Writer: Brian Friel
Director: Allan Hart
Overall, this is a pretty pleasing, thought-provoking take on a play which has acquired near classic status in the 46 years since it premiered.
Translations is set in Ireland in the 1830s where the colonising British are constructing an ordnance survey map, Anglicising (“standardising”) place names and setting up National Schools where attendance will be compulsory and everything will be taught in English. Friel is clearly linking the annexing of his country by the British with later “Troubles” which were rife in 1980 when the play was written.
The setting is a “hedge school” run by an elderly man and his son, at which adults can learn Latin, Greek, mathematics and more. It’s a play about language. Friel’s skilled script allows us to believe that most of the cast are speaking Gaelic most of the time although the play is written in English.
This production delivers the message as movingly as any professional take on Translations – staged on Max Batty’s all-encompassing set with a homely room complete with manger and stairs at the back. Grassy steps at stage left suggest the outer entrance. It’s an imaginative use of the Tower Theatre’s triangular playing space. The incidental Irish folk music (Colin Guthrie) adds ambience.
The generally good cast includes an outstanding performance from Oscar Gill as Owen. He is the worldly son who has come home from England to his father and brother. In cahoots with the army, he has a foot in either camp, acts as a translator and Gill’s interpretation gives him real depth. Varvara Barmpouni impresses as Sarah, an elective mute, gradually learning to speak again. Her role involves a lot of eloquent active listening. Allan Maddrell’s work as the gentle, kind, troubled Manus is pleasing too.

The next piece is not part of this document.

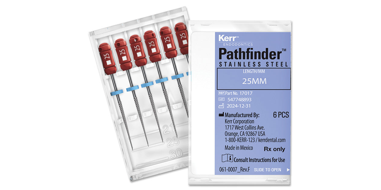 Pathfinder™ Stainless Steel Endo Hand Files feature a minimal taper and are used for negotiating difficult or calcified canals. These files are approximately a size 7.
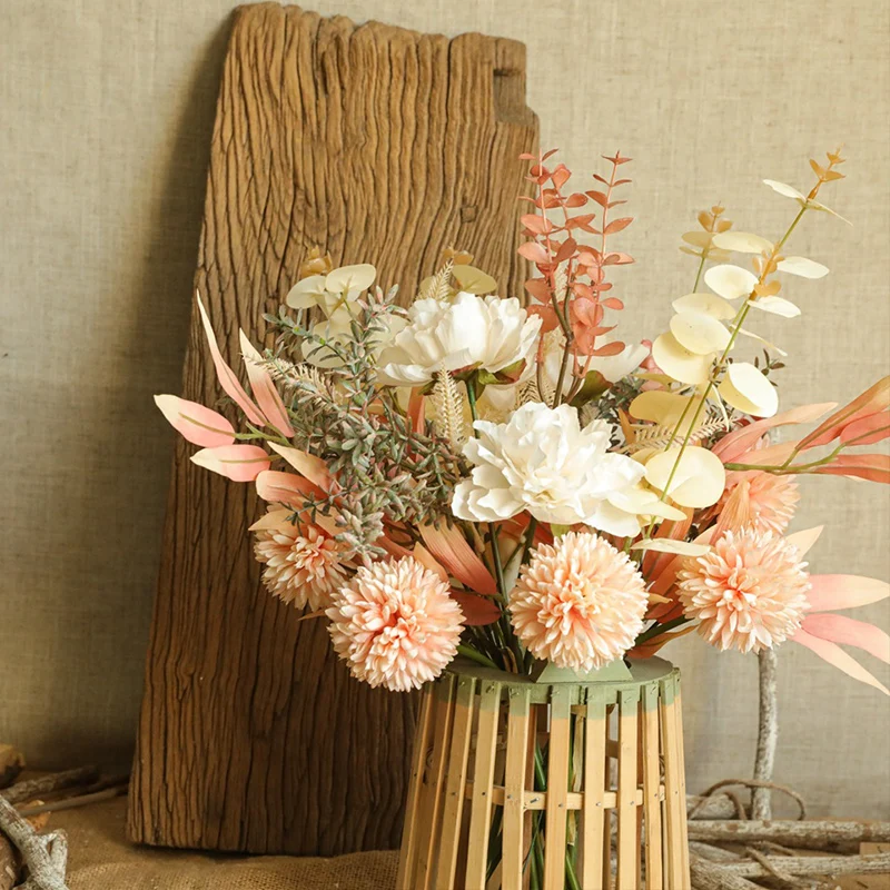 Искусственные цветы, пионы, высокое качество, Осеннее украшение, букет невесты, винтажные искусственные цветы для свадьбы, украшение для дома

Rather less successful is Robert Pennant Jones as the elderly, hesitant, doddery Hugh. Everyone else in the cast speaks with an Irish accent (carrying degrees of authenticity) which is why the voices of the two British officers (Charlie Patterson and Peter Molloy – both strong) always come as such an intrusive shock. But Pennant Jones sounds like a rather mannered, slow-of- speech Etonian and it grates.
Translations is probably Brian Friel’s best known play partly because it has long been a curriculum favourite which means that many people have studied it at A Level. Its fame is also due to its universal, timeless message which it speaks at so many levels. Language and culture lie at the heart of identity and any attempt to dent that is profoundly, dangerously disruptive. Think of the Taliban, the Russian war with Ukraine or even “woke” vocabulary manipulation in the UK.